◆ Exercise goal
Go to the line below that has "台中市政府持續推動「8年10", print it and each line after it exactly, and stop after the line that has "2021年7月8日,ECHA"; leave out pictures.

◆ Recorded data
------------------------------------------------

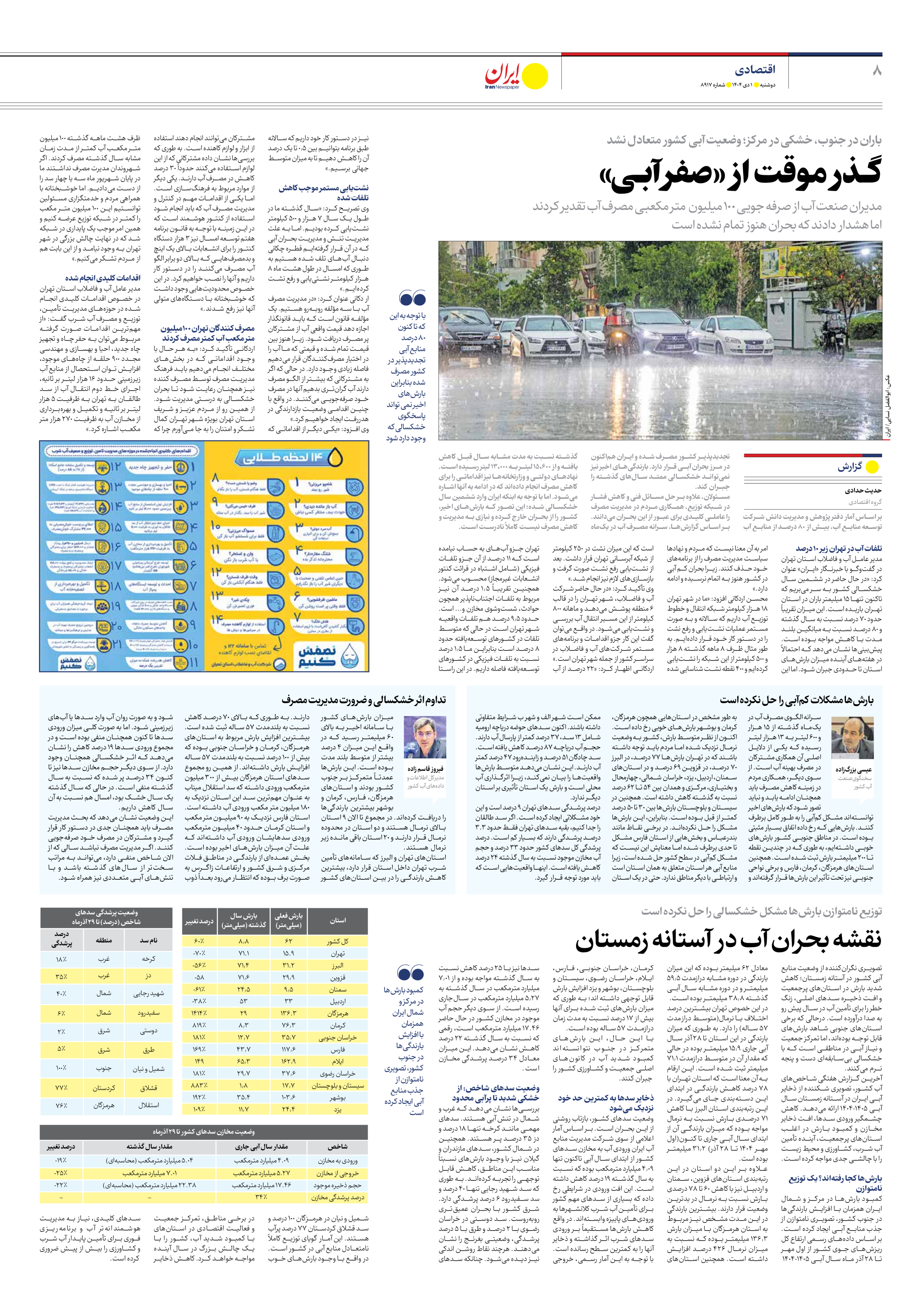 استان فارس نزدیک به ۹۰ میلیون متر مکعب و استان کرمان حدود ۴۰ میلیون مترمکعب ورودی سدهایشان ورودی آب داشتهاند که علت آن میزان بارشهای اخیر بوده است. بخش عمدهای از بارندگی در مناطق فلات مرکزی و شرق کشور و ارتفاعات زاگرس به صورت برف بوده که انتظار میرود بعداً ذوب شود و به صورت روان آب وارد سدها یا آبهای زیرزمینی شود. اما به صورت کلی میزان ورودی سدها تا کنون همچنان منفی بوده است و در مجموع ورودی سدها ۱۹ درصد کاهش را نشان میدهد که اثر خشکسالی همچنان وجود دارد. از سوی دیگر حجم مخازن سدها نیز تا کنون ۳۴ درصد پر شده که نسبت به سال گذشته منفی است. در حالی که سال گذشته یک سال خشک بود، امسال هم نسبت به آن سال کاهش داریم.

------------------------------------------------

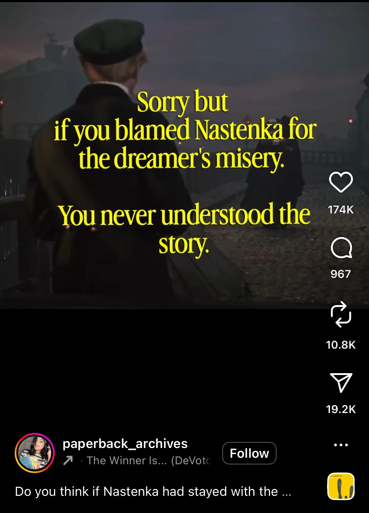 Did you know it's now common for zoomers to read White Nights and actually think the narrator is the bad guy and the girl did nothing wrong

------------------------------------------------

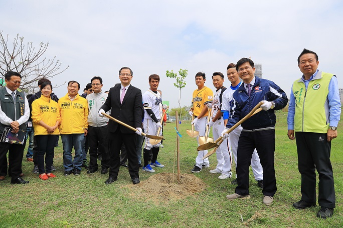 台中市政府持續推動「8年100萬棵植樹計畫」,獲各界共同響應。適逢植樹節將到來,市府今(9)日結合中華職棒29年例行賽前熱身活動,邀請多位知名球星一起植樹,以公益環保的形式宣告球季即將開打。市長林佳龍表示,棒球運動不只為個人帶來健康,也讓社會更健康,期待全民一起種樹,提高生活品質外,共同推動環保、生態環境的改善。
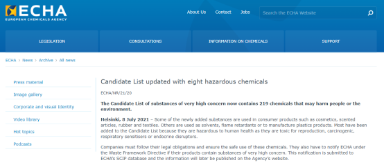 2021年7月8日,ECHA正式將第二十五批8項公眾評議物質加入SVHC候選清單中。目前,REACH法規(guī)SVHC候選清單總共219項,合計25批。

------------------------------------------------

◆ Response
 台中市政府持續推動「8年100萬棵植樹計畫」,獲各界共同響應。適逢植樹節將到來,市府今(9)日結合中華職棒29年例行賽前熱身活動,邀請多位知名球星一起植樹,以公益環保的形式宣告球季即將開打。市長林佳龍表示,棒球運動不只為個人帶來健康,也讓社會更健康,期待全民一起種樹,提高生活品質外,共同推動環保、生態環境的改善。
 2021年7月8日,ECHA正式將第二十五批8項公眾評議物質加入SVHC候選清單中。目前,REACH法規(guī)SVHC候選清單總共219項,合計25批。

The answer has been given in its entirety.